Top of GIVEN RECORDS

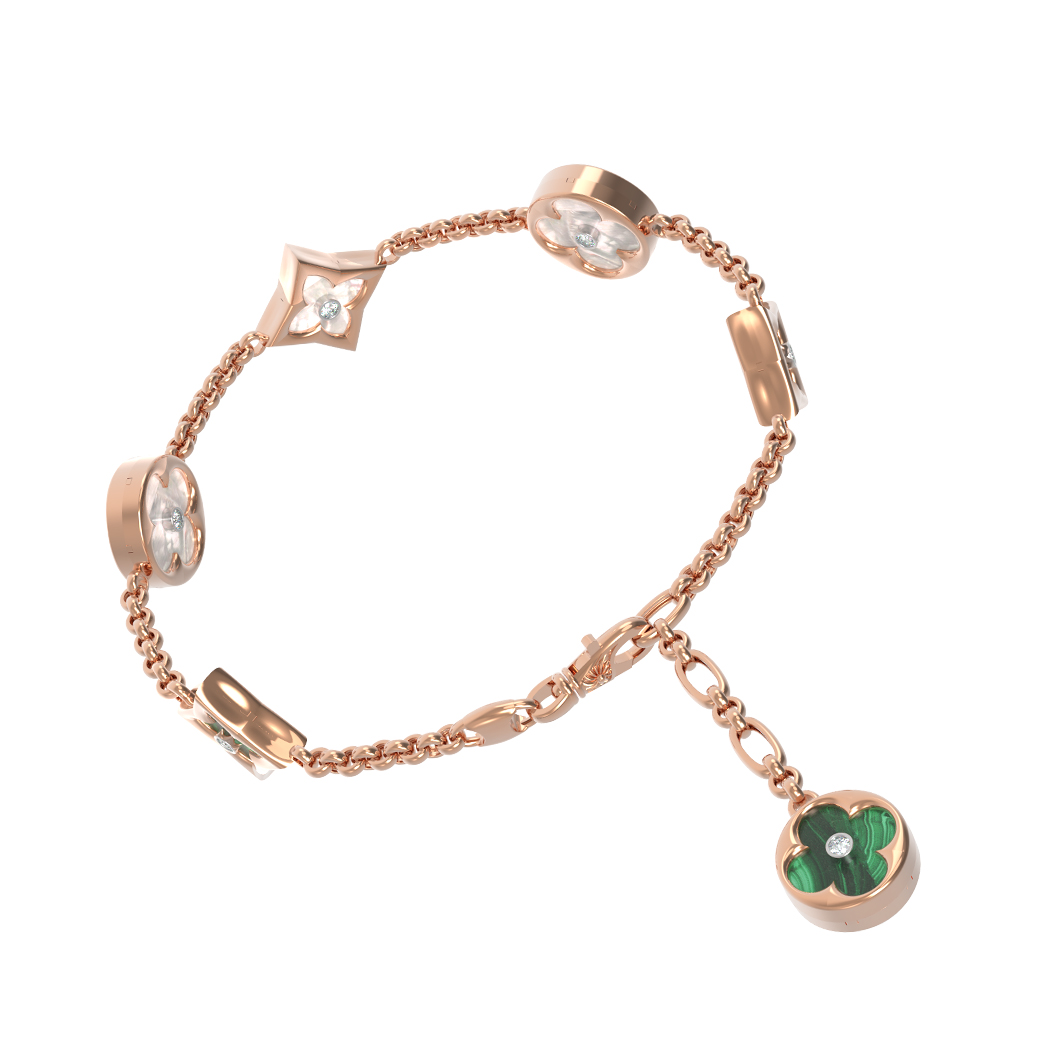 Браслет из золота c бриллиантами, малахитом и перламутром
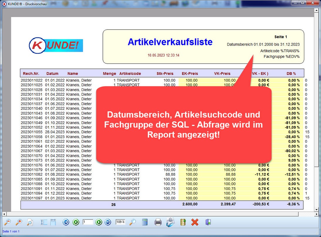Die Artikelliste übergibt folgende Parameter an den Report so dass Sie auf dem Report den Datumsbereich, den gesuchten Artikelcode und die gesuchte Fachgruppe angezeigt bekommen können.
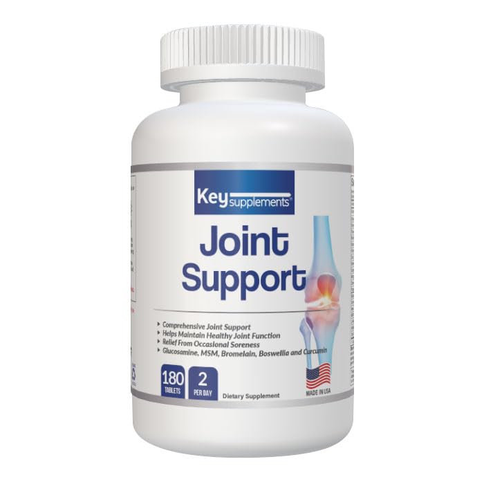 Key Supplements Joint Support - 180 Tablets Support your active lifestyle with Key Supplements Joint Support. Our advanced formula combines powerful ingredients to help maintain healthy joints, enhance mobility, and provide comfort during physical activity. Each tablet is packed with a synergistic blend of Glucosamine, Chondroitin, MSM, and Green Mussel, all working together to promote joint health and flexibility.
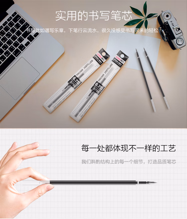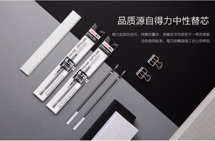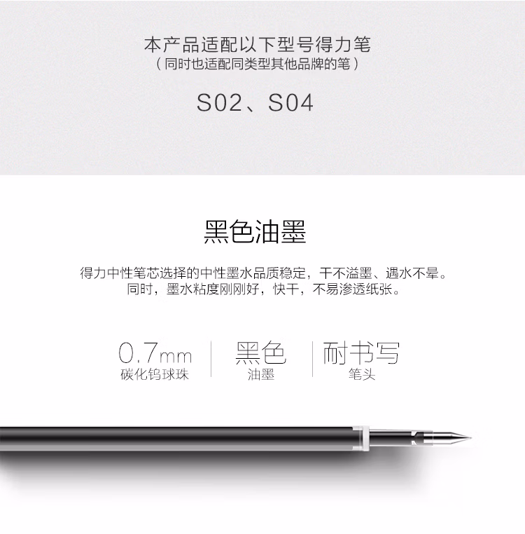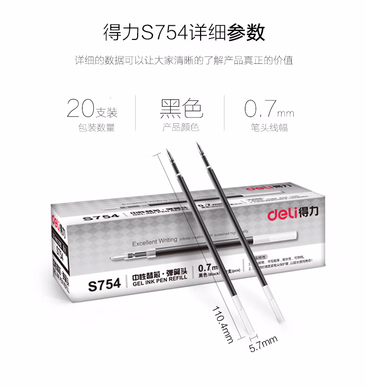 得力S754弹簧头中性笔芯0.7mm弹簧头(黑)(支)
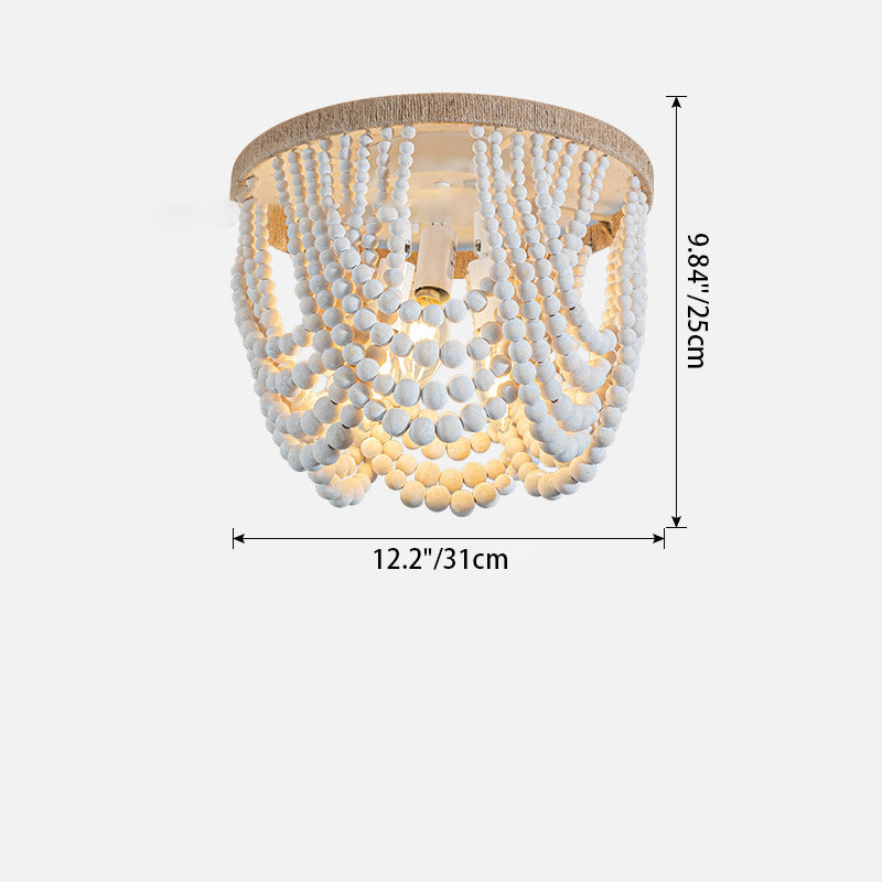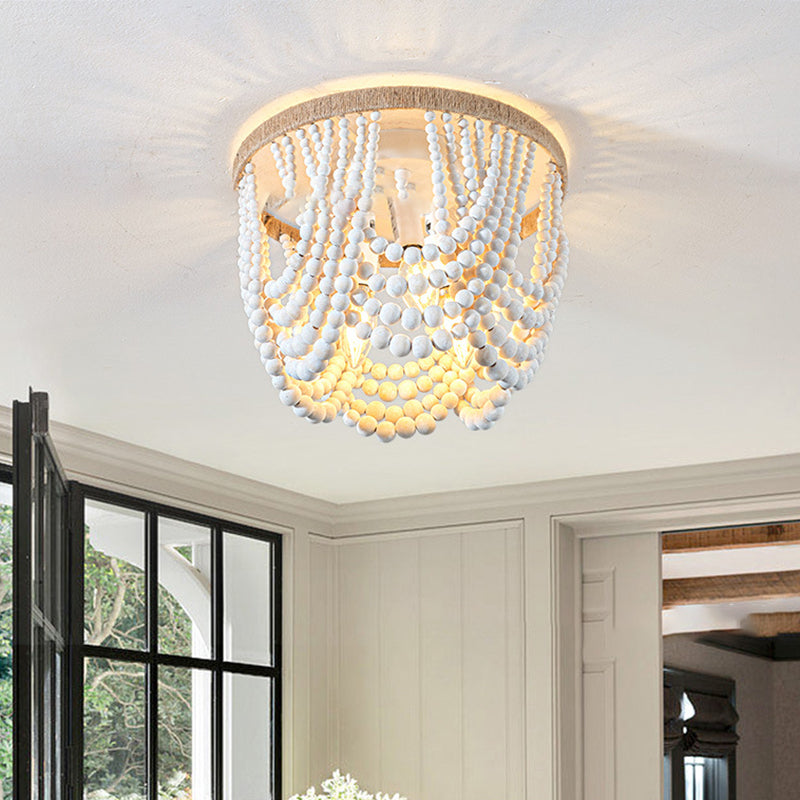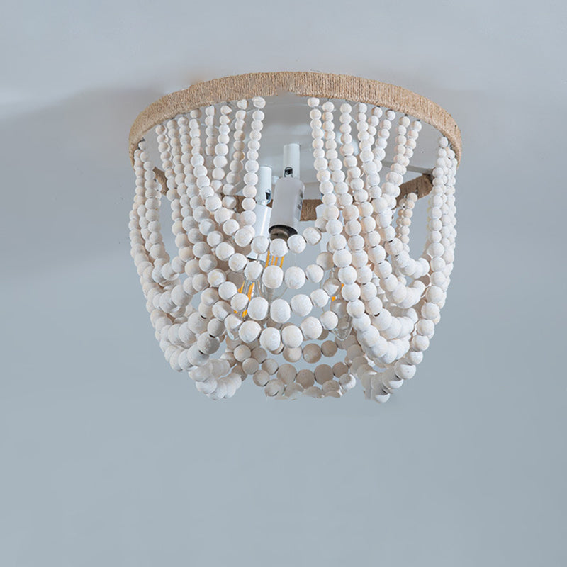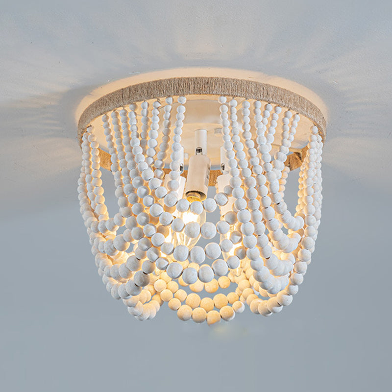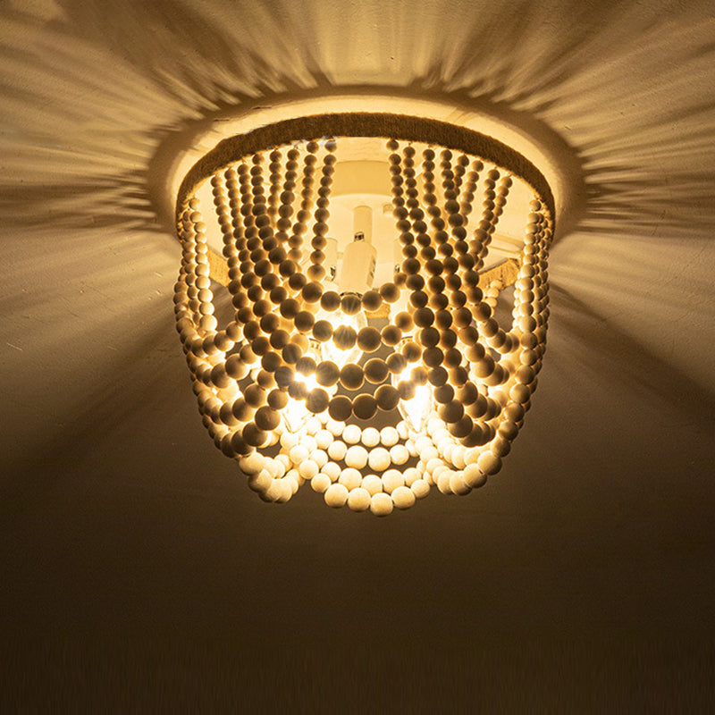 Traditional Vintage Round Curtain Wooden Beads Sisal Hardware 3-Light Flush Mount Ceiling Light For Bedroom
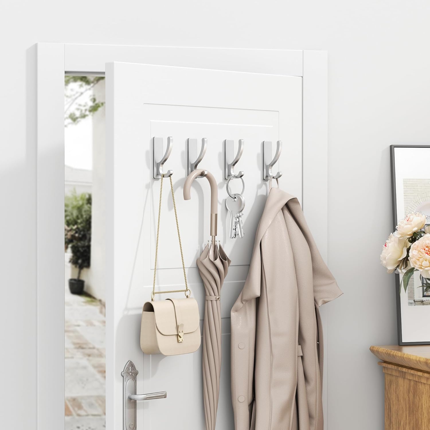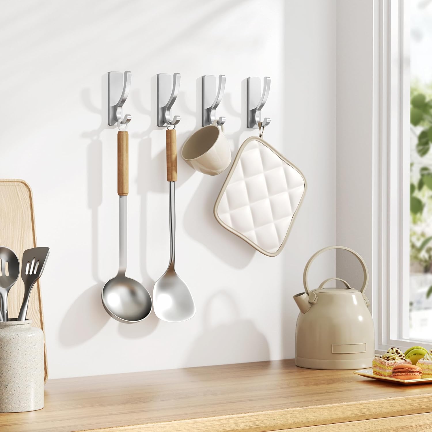 Adhesive Wall Hooks for Towels Coats - Stick On Hooks Hanging Heavy Duty (13lb), Metal Hook for Door, Bathroom, Dorm, Closet - Hanger for Purse, Bag, Robe,Backpack - No Damage to Wall - Silver 4 Pack
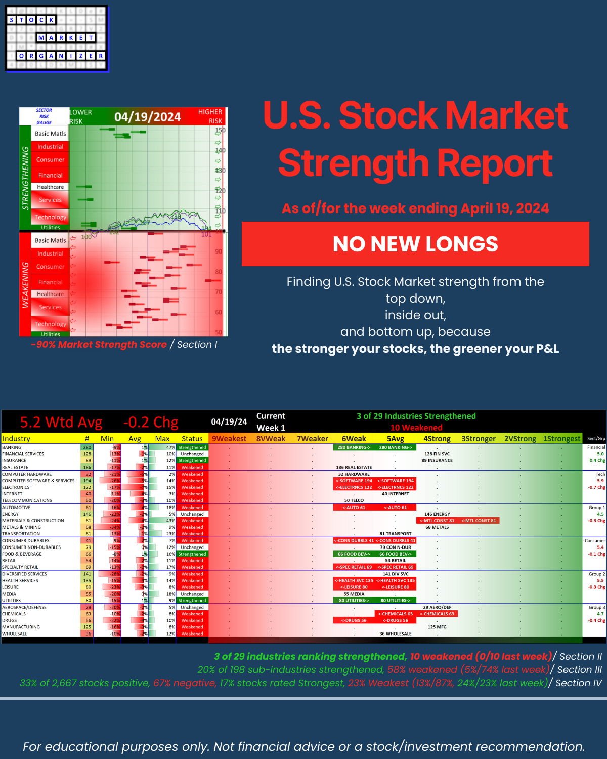 SMO Exclusive: U.S. Stock Market Strength Report 2024-04-19 (no new Longs)
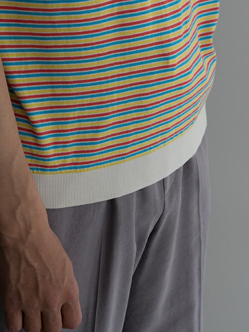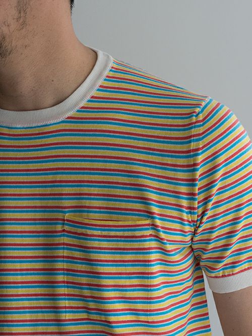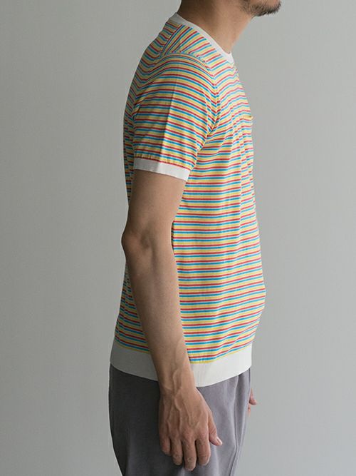 ハイゲージのクルーネックニット。上質でクオリティの高い縫製、そしてセンスの良い配色が際立つボーダー柄が魅力の一着です。
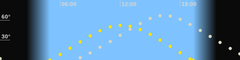 | Sonnenaufgang | 04:59 Uhr im Osten (αAz = 68.6°) |
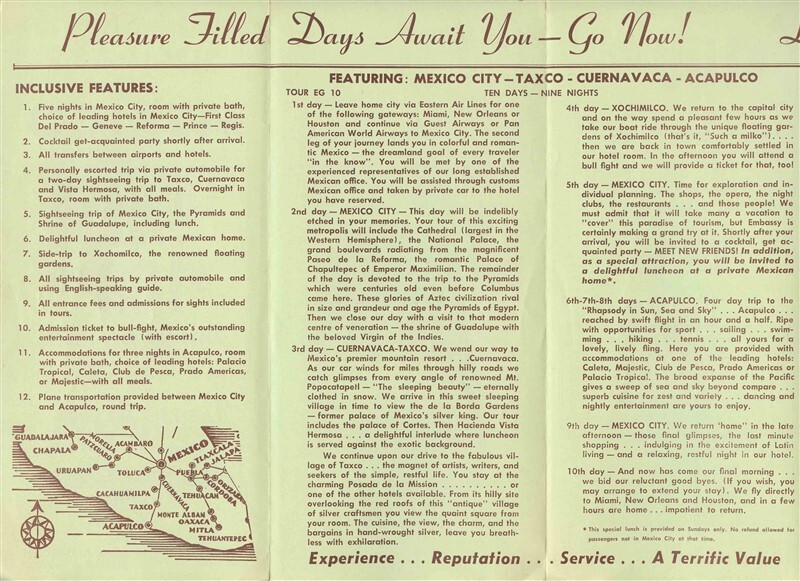 An Eastern Air Lines Happy Holidays in Mexico Brochure from the 1950's. Also for Guest and Pan American World Airways. An 8 panel fold out with map, inclusive features, itinerary, hotels and rates and more. Also Airlines information and rates from selected cities.
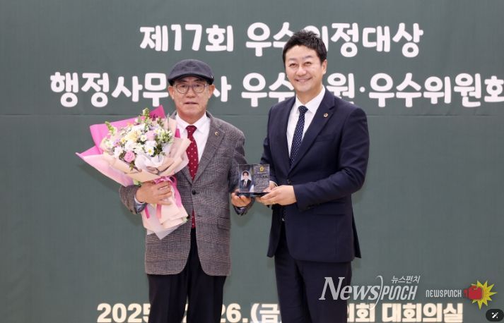 뉴스펀치 김길룡 기자 | 경기도의회 도시환경위원회 박명수 의원(국민의힘, 안성2)이 26일 경기도의회가 선정한 ‘제17회 우수의정대상 행정사무감사 우수의원’을 수상했다.
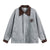 - Badge details with embroidered star and lettering, striped pattern
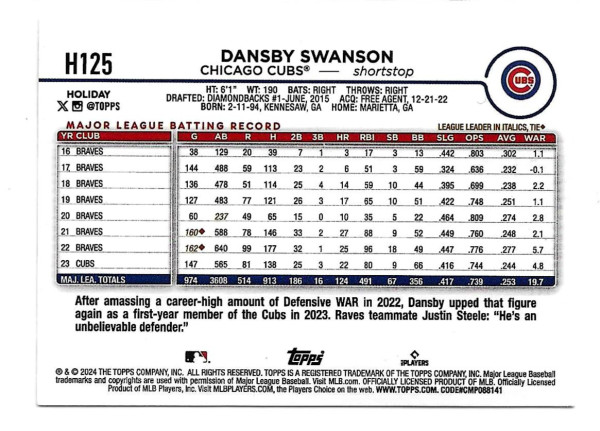 2024 TOPPS HOLIDAY METALLIC TREE #H125 DANSBY SWANSON
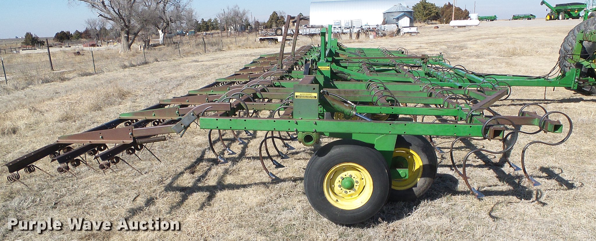 Purple Wave is selling a used Field Cultivator or Sweep Plow in Kansas. This item is a John Deere 960 field cultivator with the following: 36'W overall, 15' transport width, 6"W sweeps, 9" spacing, Three bar tine harrow, Manual leveler, Hydraulic lift and fold, Slab hitch, Walking tandem axle, 9.5L-15 tires, Serial N00960X007114
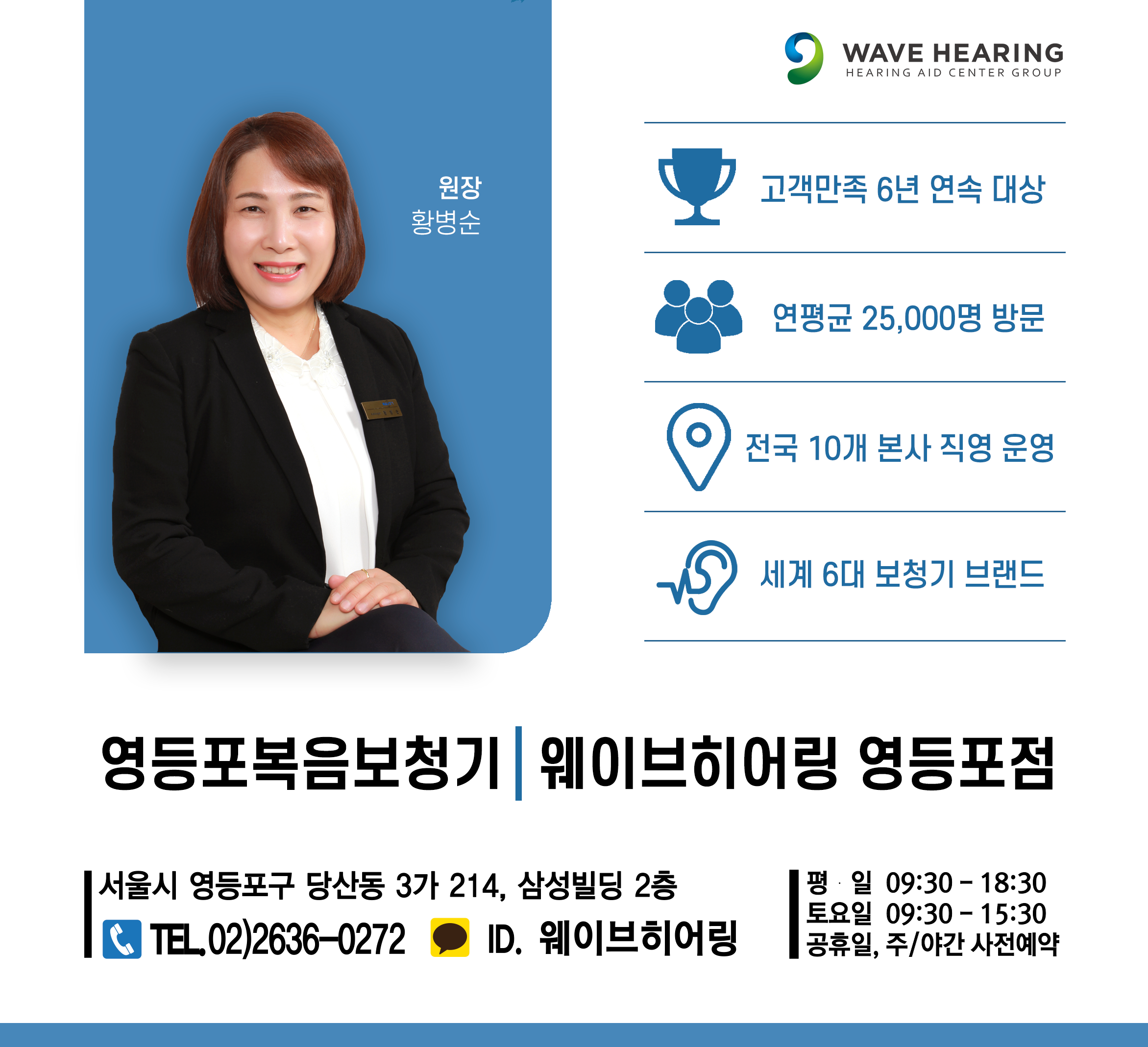 웨이브히어링은 Audiologist 30명이 제공하는 보청기 청각전문 서비스 기업으로 전국 11개의 센터가 모두 본사직영 네트워크로 운영되며, 매년 약 3만명의 가까운 난청 고객들에게 보청기, 청각 관련 서비스를 제공하고 있다. 5월 가정의달 보청기 기획전과 지인 소개 이벤트에 대한 내용은 웨이브히어링 영등포점으로 전화 시 안내 받을 수 있다.
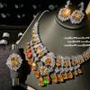 Collar con gemas de corazón de topacio azul agua brillante y aretes de circonita rosa fundida bañados en oro de 18 quilates.
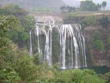 Y finalmente veamos alguna foto de las cataratas. No era época de lluvias, por eso apenas bajaba agua, pero en otras épocas del año, es una cortina continua de agua lo que baja por allá. Sus dimensiones son aprox. 80 por 90 metros. Por el interior de la presa hay un caminito y se puede pasar, de hecho en alguna foto se puede apreciar a alguna persona en su interior:
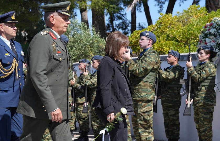 Στο ναό Αγίων Σεργίου και Βάκχου δίπλα στους συντετριμμένους συγγενείς και φίλους στάθηκε η Κατερίνα Σακελλαροπούλου, εμφανώς συγκινημένη. Παρών και ο αρχηγός ΓΕΕΘΑ, στρατηγός Κωνσταντίνος Φλώρος.
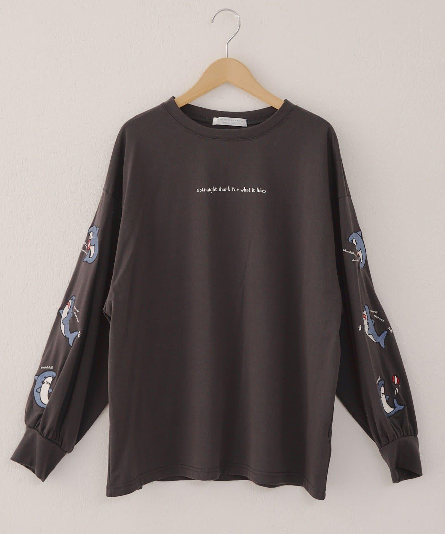 袖部刺繡寬鬆卡通長袖T恤

Bottom of GIVEN RECORDS

- [TRY IT]: Although the records above contain pictures, your copy should give only their text, exactly as written.

- [ANSWER TO THIS TASK]:
 Браслет из золота c бриллиантами, малахитом и перламутром
Die Artikelliste übergibt folgende Parameter an den Report so dass Sie auf dem Report den Datumsbereich, den gesuchten Artikelcode und die gesuchte Fachgruppe angezeigt bekommen können.
 Key Supplements Joint Support - 180 Tablets Support your active lifestyle with Key Supplements Joint Support. Our advanced formula combines powerful ingredients to help maintain healthy joints, enhance mobility, and provide comfort during physical activity. Each tablet is packed with a synergistic blend of Glucosamine, Chondroitin, MSM, and Green Mussel, all working together to promote joint health and flexibility.
 得力S754弹簧头中性笔芯0.7mm弹簧头(黑)(支)
 Traditional Vintage Round Curtain Wooden Beads Sisal Hardware 3-Light Flush Mount Ceiling Light For Bedroom
 Adhesive Wall Hooks for Towels Coats - Stick On Hooks Hanging Heavy Duty (13lb), Metal Hook for Door, Bathroom, Dorm, Closet - Hanger for Purse, Bag, Robe,Backpack - No Damage to Wall - Silver 4 Pack
 SMO Exclusive: U.S. Stock Market Strength Report 2024-04-19 (no new Longs)
 ハイゲージのクルーネックニット。上質でクオリティの高い縫製、そしてセンスの良い配色が際立つボーダー柄が魅力の一着です。
 | Sonnenaufgang | 04:59 Uhr im Osten (αAz = 68.6°) |
 An Eastern Air Lines Happy Holidays in Mexico Brochure from the 1950's. Also for Guest and Pan American World Airways. An 8 panel fold out with map, inclusive features, itinerary, hotels and rates and more. Also Airlines information and rates from selected cities.
 뉴스펀치 김길룡 기자 | 경기도의회 도시환경위원회 박명수 의원(국민의힘, 안성2)이 26일 경기도의회가 선정한 ‘제17회 우수의정대상 행정사무감사 우수의원’을 수상했다.
 - Badge details with embroidered star and lettering, striped pattern
 2024 TOPPS HOLIDAY METALLIC TREE #H125 DANSBY SWANSON
 Purple Wave is selling a used Field Cultivator or Sweep Plow in Kansas. This item is a John Deere 960 field cultivator with the following: 36'W overall, 15' transport width, 6"W sweeps, 9" spacing, Three bar tine harrow, Manual leveler, Hydraulic lift and fold, Slab hitch, Walking tandem axle, 9.5L-15 tires, Serial N00960X007114
 웨이브히어링은 Audiologist 30명이 제공하는 보청기 청각전문 서비스 기업으로 전국 11개의 센터가 모두 본사직영 네트워크로 운영되며, 매년 약 3만명의 가까운 난청 고객들에게 보청기, 청각 관련 서비스를 제공하고 있다. 5월 가정의달 보청기 기획전과 지인 소개 이벤트에 대한 내용은 웨이브히어링 영등포점으로 전화 시 안내 받을 수 있다.
 Collar con gemas de corazón de topacio azul agua brillante y aretes de circonita rosa fundida bañados en oro de 18 quilates.
 Y finalmente veamos alguna foto de las cataratas. No era época de lluvias, por eso apenas bajaba agua, pero en otras épocas del año, es una cortina continua de agua lo que baja por allá. Sus dimensiones son aprox. 80 por 90 metros. Por el interior de la presa hay un caminito y se puede pasar, de hecho en alguna foto se puede apreciar a alguna persona en su interior:
 Στο ναό Αγίων Σεργίου και Βάκχου δίπλα στους συντετριμμένους συγγενείς και φίλους στάθηκε η Κατερίνα Σακελλαροπούλου, εμφανώς συγκινημένη. Παρών και ο αρχηγός ΓΕΕΘΑ, στρατηγός Κωνσταντίνος Φλώρος.
 袖部刺繡寬鬆卡通長袖T恤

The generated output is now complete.